Exercise electrocardiographic testing is not indicated for routine screening of asymptomatic patients, regardless of risk of cardiovascular disease.
4) Answer D. Coronary artery bypass graft surgery. This patient has several indications for coronary artery bypass graft surgery. He has stenosis of the left main coronary artery and multivessel coronary artery disease with mildly reduced left ventricular systolic function. Coronary artery bypass grafting is indicated in patients with left main coronary artery disease, severe three-vessel disease with reduced left ventricular systolic function, and severe three-vessel disease with involvement of the proximal left anterior descending artery. In addition, patients with diabetes mellitus and multivessel disease also derive benefit from coronary artery bypass graft surgery. In this setting, surgery would not only relieve angina and improve quality of life, but it would also prolong life expectancy. Patients achieve a significant clinical benefit when the left internal mamillary artery graft is used as the bypass conduit for lesions within the left anterior descending artery system.
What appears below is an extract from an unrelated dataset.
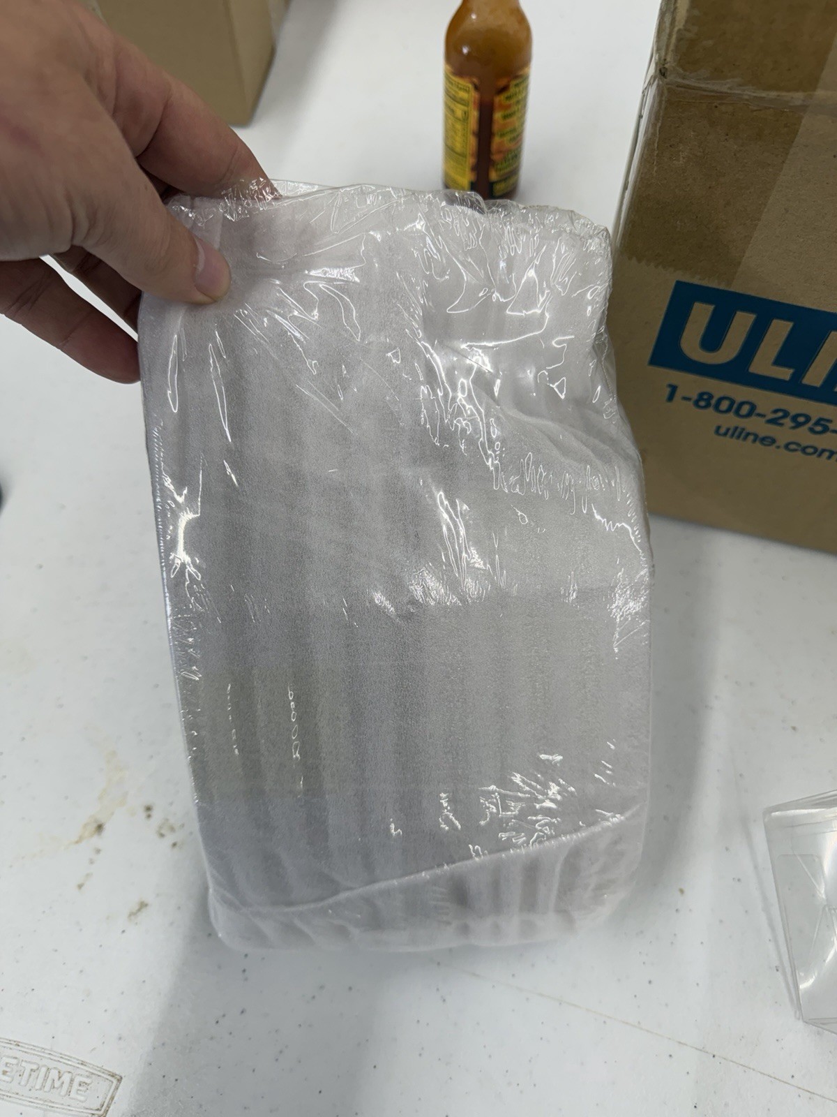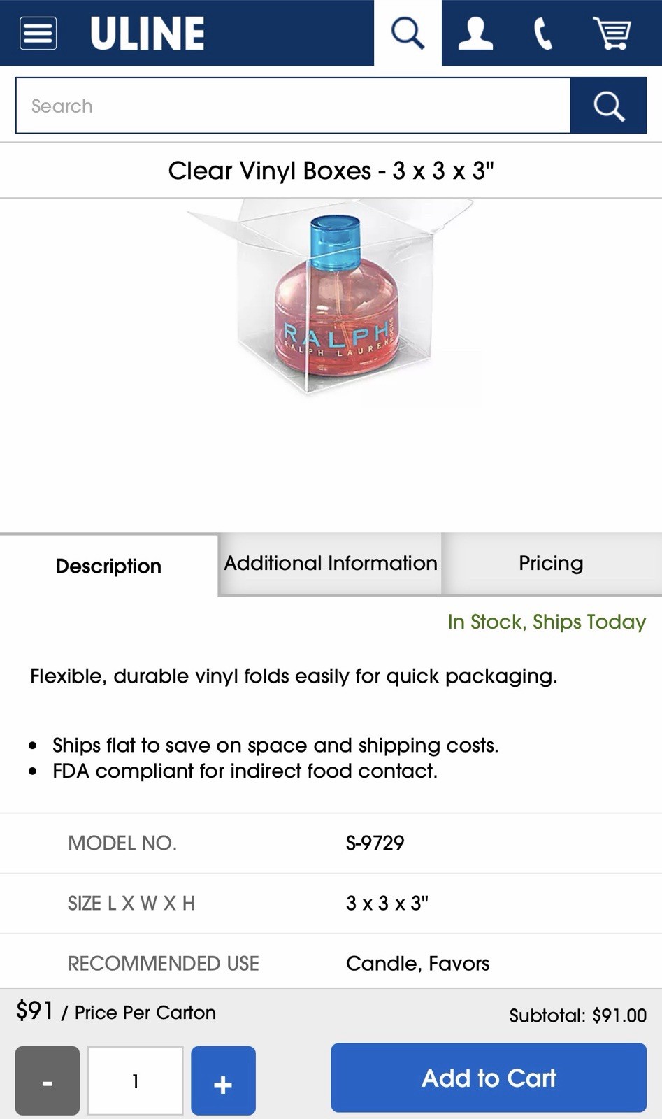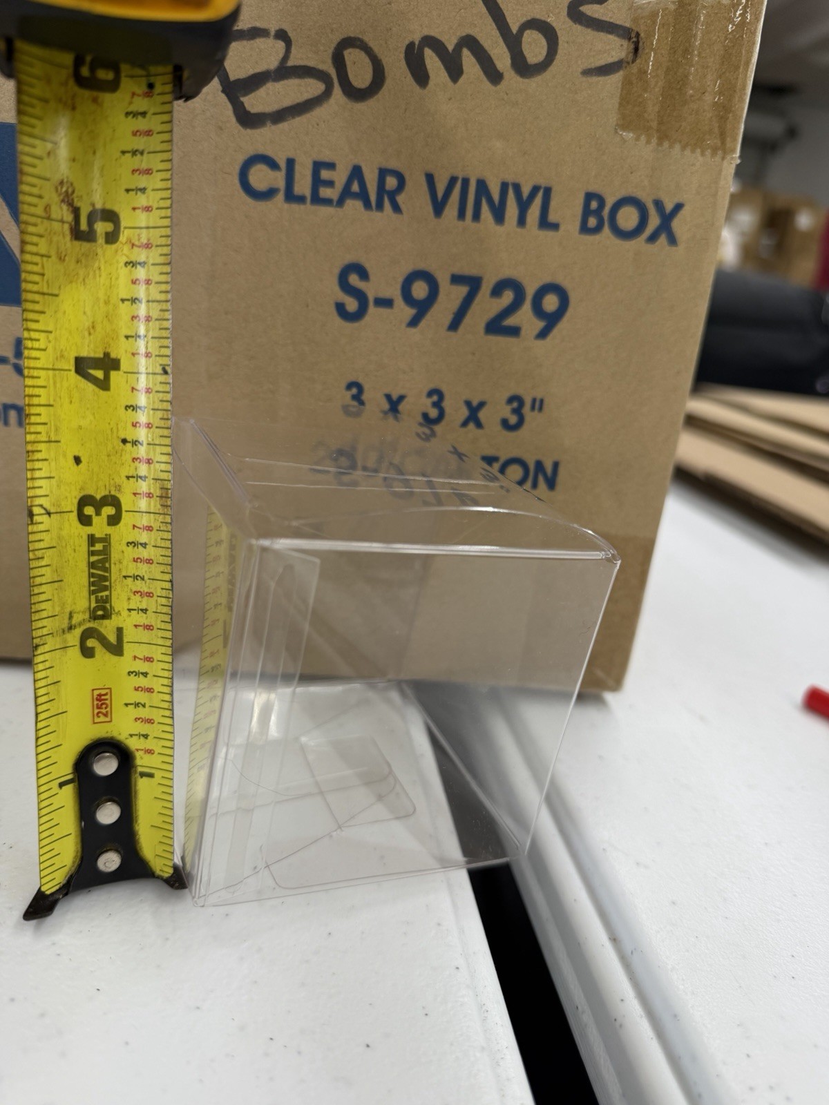 • They assemble into a clear, open-top or tuck-style cube (appears partially folded/assembled in shots, with a slanted or straight side view). These are Uline S-9729 Clear Vinyl Boxes (listed as S-9729 on Uline’s site, note the slight number variation in your photo but it matches exactly: 3 x 3 x 3” clear vinyl boxes).

Enhanced external counterpulsation (EECP) is an acceptable treatment for patients with medically refractory angina who are not candidates for revascularization. However, the patient presented is a candidate for coronary artery bypass graft surgery, and this should be performed prior to considering alternative options such as EECP.
Although percutaneous coronary intervention may occasionally be used for patients with multivessel coronary artery disease who are not appropriate candidates for surgery, it would not be the best choice for this patient. This patient is young and active, and he does not have any clear contraindications for surgery.
Ranolazine can be useful in patients with chronic stable angina on maximal medical therapy. However, this patient has severe obstructive coronary artery disease that requires revascularization. In patients who have failed to benefit from revascularization and remain symptomatic on maximal medical therapy, ranolazine can be considered.